=== EXERCISE DIRECTIONS ===
Give the lines below again, exactly as they stand, and leave out the images.

=== INFORMATION PROVIDED ===

=-=-=-=-=

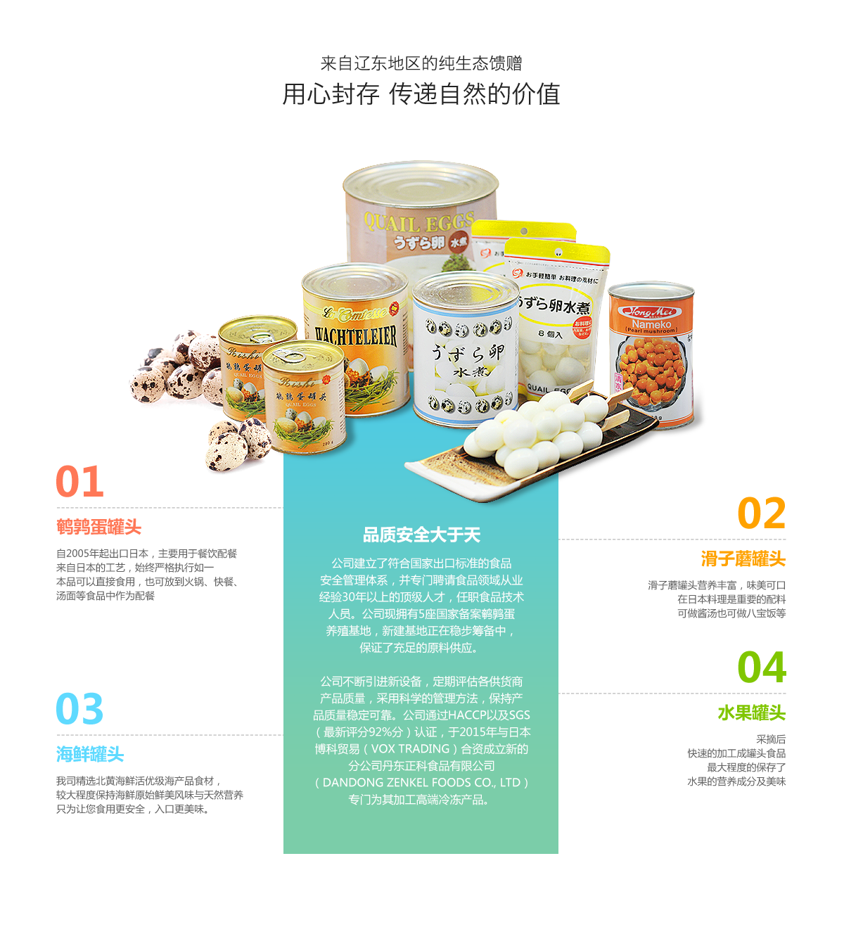 丹東日食食品有限公司是一家專注罐頭及速凍生產(chǎn)的食品加工型企業(yè)。公司主要產(chǎn)品為鵪鶉蛋罐頭、滑子蘑罐頭、冷凍產(chǎn)品等,年產(chǎn)量約5000噸。其中,鵪鶉蛋罐頭出口量位居近年國內(nèi)之冠;滑子蘑罐頭出口量也列國內(nèi)前位。各種產(chǎn)品主要出口日本,并遠銷德國、澳大利亞、新加坡等國家和地區(qū)。
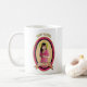 O St. Agatha é um santo adiantado e é considerado o santo padroeiro contra o cancro da mama e igualmente o santo padroeiro daqueles que estão com o cancro da mama. Esta caneca caracteriza um ícone temático cor-de-rosa do santo.
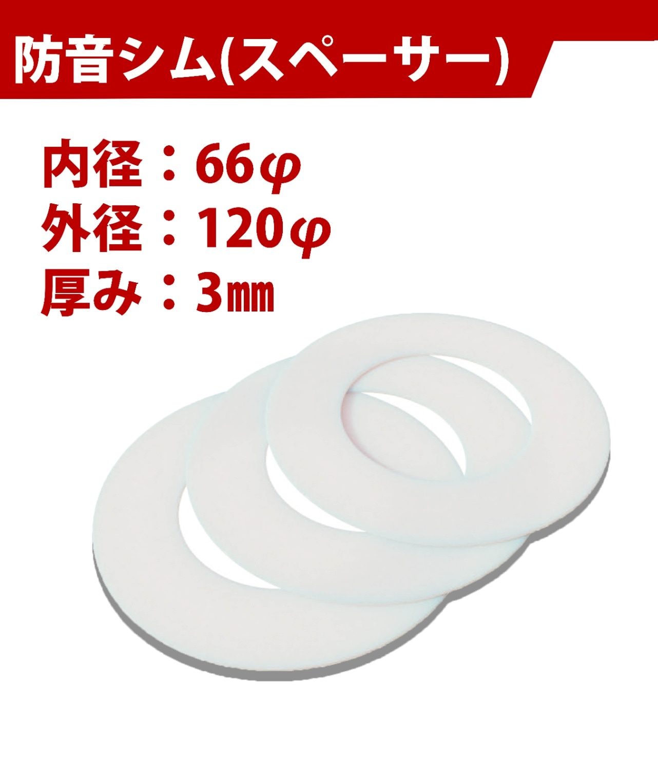 【防音シム・スペーサー】 内径 66φ * 外径 120φ * 厚み 3㎜ <10枚セット>

=-=-=-=-=

=== RESPONSE AREA ===
 丹東日食食品有限公司是一家專注罐頭及速凍生產(chǎn)的食品加工型企業(yè)。公司主要產(chǎn)品為鵪鶉蛋罐頭、滑子蘑罐頭、冷凍產(chǎn)品等,年產(chǎn)量約5000噸。其中,鵪鶉蛋罐頭出口量位居近年國內(nèi)之冠;滑子蘑罐頭出口量也列國內(nèi)前位。各種產(chǎn)品主要出口日本,并遠銷德國、澳大利亞、新加坡等國家和地區(qū)。
 O St. Agatha é um santo adiantado e é considerado o santo padroeiro contra o cancro da mama e igualmente o santo padroeiro daqueles que estão com o cancro da mama. Esta caneca caracteriza um ícone temático cor-de-rosa do santo.
 【防音シム・スペーサー】 内径 66φ * 外径 120φ * 厚み 3㎜ <10枚セット>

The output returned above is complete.